• **WHAT YOU WILL DO**
A word-for-word copy of the listing is what's needed; leave out every image.

------ GIVEN INFORMATION

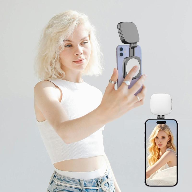 Achieve perfect lighting anytime with this 2-in-1 Magnetic LED Selfie Fill Light, designed for smartphones and on-the-go photography. The high-quality LED beads deliver soft, even illumination that enhances selfies, portraits and video calls in low-light environments. Thanks to its smart magnetic attachment, the lamp fixes securely to your device for hands-free use, while the integrated makeup mirror lets you make quick touch-ups before filming or shooting. With a built-in rechargeable battery and compact 149 g design, this portable lighting accessory is ideal for travel, vlogging, livestreaming and everyday mobile photography.
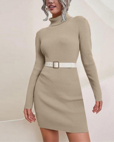 Ladies Autumn Winter Turtleneck Knitted Sweater Dress Solid Color Long
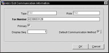 Fax. Fax number for the recipient if you choose to use the fax communication method. The confirmation/reservation update/cancellation letter is delivered directly to the recipient's fax phone number. The address designated as the primary fax address appears here by default. Select the down arrow to display the List of Fax Phone Numbers. Choose the number you wish to use, or select New Fax to specify a new number and add it to the profile. A screen appears prompting you for the new phone number information. See Adding and Editing Communication Methods, below, for more information.
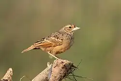The Bengal bush lark was earlier classified into several races, the Bengal race assamica and the Madras race affinis. These were subsequently split, on the basis of diagnostic song and display characters, into the Jerdon's bush lark (Mirafra affinis) and assamica in the strict sense. Formerly, both the Burmese bush lark and Jerdon's bush lark were considered subspecies of the Bengal bush lark (as M. a. microptera and M. a. affinis respectively) until split to form a separate species. The alternate name "rufous-winged bush lark" may also be used to describe the red-winged lark.[4] Another alternate name for the Bengal bush lark is the rufous-winged lark.[5]

------------

• **EXERCISE RESPONSE**
 Achieve perfect lighting anytime with this 2-in-1 Magnetic LED Selfie Fill Light, designed for smartphones and on-the-go photography. The high-quality LED beads deliver soft, even illumination that enhances selfies, portraits and video calls in low-light environments. Thanks to its smart magnetic attachment, the lamp fixes securely to your device for hands-free use, while the integrated makeup mirror lets you make quick touch-ups before filming or shooting. With a built-in rechargeable battery and compact 149 g design, this portable lighting accessory is ideal for travel, vlogging, livestreaming and everyday mobile photography.
 Ladies Autumn Winter Turtleneck Knitted Sweater Dress Solid Color Long
 Fax. Fax number for the recipient if you choose to use the fax communication method. The confirmation/reservation update/cancellation letter is delivered directly to the recipient's fax phone number. The address designated as the primary fax address appears here by default. Select the down arrow to display the List of Fax Phone Numbers. Choose the number you wish to use, or select New Fax to specify a new number and add it to the profile. A screen appears prompting you for the new phone number information. See Adding and Editing Communication Methods, below, for more information.
The Bengal bush lark was earlier classified into several races, the Bengal race assamica and the Madras race affinis. These were subsequently split, on the basis of diagnostic song and display characters, into the Jerdon's bush lark (Mirafra affinis) and assamica in the strict sense. Formerly, both the Burmese bush lark and Jerdon's bush lark were considered subspecies of the Bengal bush lark (as M. a. microptera and M. a. affinis respectively) until split to form a separate species. The alternate name "rufous-winged bush lark" may also be used to describe the red-winged lark.[4] Another alternate name for the Bengal bush lark is the rufous-winged lark.[5]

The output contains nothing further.